Por la mesa de esa pandilla pasaba mucha gente y en ocasiones Raúl Renán, quien desde entonces me pareció un hombre medido, pues a diferencia de nosotros no pretendía acabarse el alcohol ni acabarse con él, como nos sucedía a varios de nosotros. Lo recuerdo como un hombre amable, respetuoso, de fino sentido del humor y joven, tan joven, que me sorprendió saber que hoy celebraríamos sus primeros ochenta años.

La necesidad de ganar la pitanza, las distancias de esta ciudad y la vida nos llevaron por rutas distintas que a veces se cruzaban en la redacción de periódicos y revistas, en exposiciones y lecturas o en los cafés, donde Raúl formaba parte insustituible del paisaje y, según ciertas versiones, hasta del mobiliario. Por amigos mutuos supe de su trabajo como publicista, del que poco o nada he platicado con él, pese a que es una actividad que desempeñaron con brillantez personajes de la talla de Salvador Novo y Fernando del Paso, Gabriel García Márquez y Jomi García Ascot o los poetas Francisco Hernández y José Carlos Becerra, Guillermo Fernández, Antonio Castañeda y Francisco Cervantes, un Vampiro que chupaba sangre y alcohol, pero que en el fondo era un ser inerme y bueno.

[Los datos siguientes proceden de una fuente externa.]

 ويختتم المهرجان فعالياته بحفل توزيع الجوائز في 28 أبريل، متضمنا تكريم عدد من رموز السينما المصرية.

Pero Renán era para mí un perfecto fantasma. No lo veía, pero sabía que andaba por ahí. Veía su firma en poemas sueltos, escuchaba su nombre cuando alguien hablaba de un buen tallerista literario, de un especial animador de vocaciones, de un impulsor de revistas literarias y periodiquitos estudiantiles, de sueños y locuras juveniles que lo han tenido como santo patrono.

Ignoro si publicó algún libro temprano. El primero que conocí de él fue Catulinarias y sáficas, obra aparecida en 1981. Después cayó en mi poder Los urbanos y del mismo modo, casi por casualidad, me fui enterando de otras producciones del maestro Renán, quien desplegaba una silenciosa obstinación en su trabajo literario, pues es, creo, de los que piensan que antes de cacarear el huevo hay que ponerlo.

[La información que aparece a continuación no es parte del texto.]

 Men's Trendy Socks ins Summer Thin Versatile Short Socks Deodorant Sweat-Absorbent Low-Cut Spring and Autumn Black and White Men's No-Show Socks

A fines de los ochenta le fue impuesta la Medalla Yucatán y poco después el mismo estado le entregó el Premio Antonio Mediz Bolio. Era, pues, un poeta leído y reconocido, pero no conocido. Se sabía que era un yucateco avecindado en esta ciudad desde mediados de los cincuenta, cuando vivía sus últimas horas de esplendor el café París, al que iba Raúl con curiosidad provinciana y una sed intelectual y vital que intentaba saciar en aquel legendario bebedero. Después, en otro café, llamado El Alto, echó a andar el extraño, generoso y excelente proyecto editorial de La Máquina Eléctrica y después otra idea aún más loca que puso en práctica en sociedad con Carlos Isla: poemas metidos en cajas de cerillos, “poesía en llamas” que muy pronto se consumió.

Conocía esas cosas, pero no mucho más. Fue en una semblanza que escribió Myriam Moscona donde por fin pude entender a mi viejo conocido. Supe de su infancia de abandono y de trabajo, de su terco afán por la poesía, de su recato, de su negativa o su imposibilidad para ocuparse en sus versos de los años de infancia en Mérida, en el barrio de San Sebastián, donde las condiciones debieron tan duras, tan dolorosas, que la memoria prefirió guardarlas bajo llave.

Por aquella semblanza me enteré de su llegada a México, del contacto con Álvaro Mutis y de su incursión en el psicoanálisis, del que salió con la convicción de que somos principio y fin, de que no hay más estirpe valedera que el trabajo propio y que el poeta, como él lo dice, es “un ser con la posibilidad del canto y del misterio”, único e irrepetible, principio y fin. Por eso se atrevió a decir a sus hijas: “Conmigo empieza todo”.

A los ochenta años que hoy celebramos, Raúl Renán es el autor de su propia fábula. Con él empieza todo.